Reading Pickled Data in Go

Sunday September 07 2014
python golang pickle serialization

Why?

Lately I've been needing to read data written by Python programs in Go. Normally I just use JSON for this task, but was convinced there was a better solution. There are more effecient formats like Google Protocol Buffers, but I don't like the idea of having to explicitly define a data structure in advance. In addition, you have to make sure both the reader and writer are using the same version.

In the end I took a look at Python's own pickle module and decided I could implement something in Go to read that without too much trouble. The main appeal of the pickle format is that the newer versions of the protocol can encode large number of similar objects in a space-efficient manner.

As an example, consider the following program

import pickle
import json
l = []
with open('/dev/urandom','r') as fin:
    for i in range(1024):
        l.append({"i":i,"apples":ord(fin.read(1)),"banana":ord(fin.read(1)) })  

print "JSON: %d bytes" % len(json.dumps(l))
print "Pickle: %d bytes" % len(pickle.dumps(l,2))

The output of this program is

JSON: 42031 bytes
Pickle: 20521 bytes

Using pickle to encode the same data structure uses only 48% of the bytes of JSON. This is possible because pickle only encodes the strings that make up the keys of each dictionary once and references them throughout the program. JSON has to encode the same strings over and over again. Obviously, the JSON in this example is highly compressible. I'm not interested in adding yet another layer of complexity to my software so I didn't consider using compressed JSON.

The format

The pickle format is not so much a serialization format as it is a definition of a machine that can be used to reconstruct objects.
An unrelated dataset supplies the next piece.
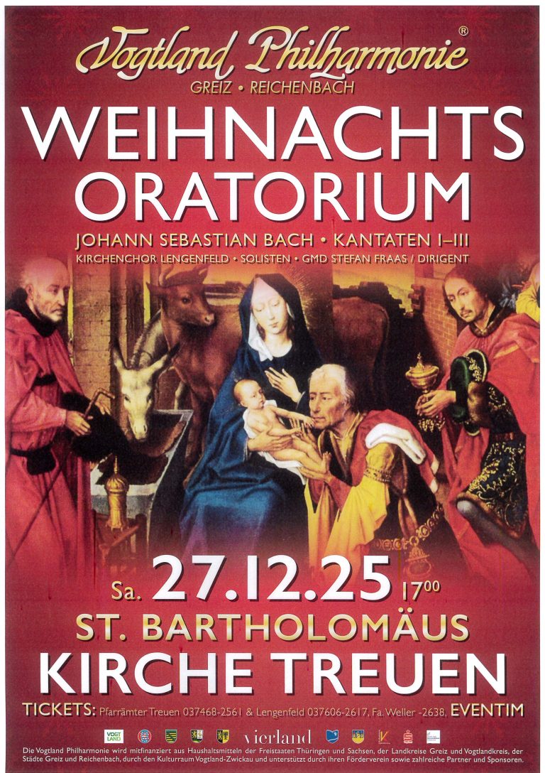 Das Weihnachtsoratorium von Johann Sebastian Bach wird seit vielen Jahren am 27. Dezember von der Vogtland Philharmonie unter Leitung von GMD Stefan Fraas, Solisten und dem Kirchenchor in Lengenfeld aufgeführt. Da die Heizung der Aegidiuskirche zurzeit defekt ist, sind wir dankbar, dass dieses traditionelle Konzert in diesem Jahr in der St. Bartholomäus-Kirche in Treuen aufgeführt werden kann.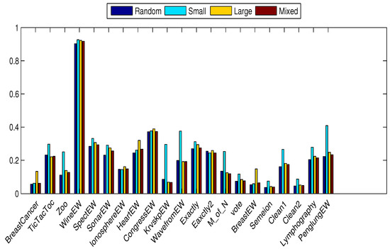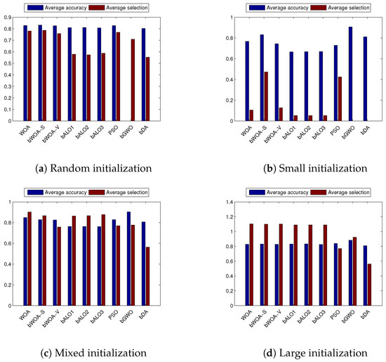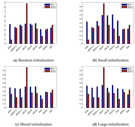 Moreover, Figure 4 outlines the best and worst acquired fitness function value averaged over all the datasets, using small, mixed and large initialization. Figure 5 shows the classification accuracy average. From these figures, it can be proven that the bWOA-V performs better than other compared algorithms, such as PSO and bALO, which confirms bWOA-V’s searching capability, especially in the large initialization.

The result of pickling any object in Python is actually a complete "program". The program is composed of a series of opcodes that perform operations on a stack. Each opcode has zero or more operands following it. The result of the program is whatever is left on the stack after all the opcodes are executed. A program always ends with the STOP opcode.

The opcodes defined by the pickle format are much simpler than those used by a microprocessor. There are no branch instructions whatsoever. The opcodes operate on a stack that is the same conceptually as the stack of a microprocessor. There is another data structure that the opcodes can manipulate known as the memo. This structure is similiar to the registers of a microprocessor. Unlike registers, the memo stores objects and has an infinite capacity. Objects are stored and retrieved from the memo positionally. The memo is an optimization that allows frequently used strings to be encoded only once in the data stream. This is one of the advantages of pickle over a format like JSON.

Understanding the format

In order to understood the format I began reading Lib/pickle.py from the python source code. It turns out this contains almost no documentation. The file Lib/pickletools.py defines the pickletools module. This is where I found an explanation of the format in great detail.

Each opcode starts with a single byte that uniquely identifies it. Zero or more bytes follow the leading byte. These bytes make up the operands. The total width of each opcode and its operands can be variable. This is the case of opcodes that encode strings, for example.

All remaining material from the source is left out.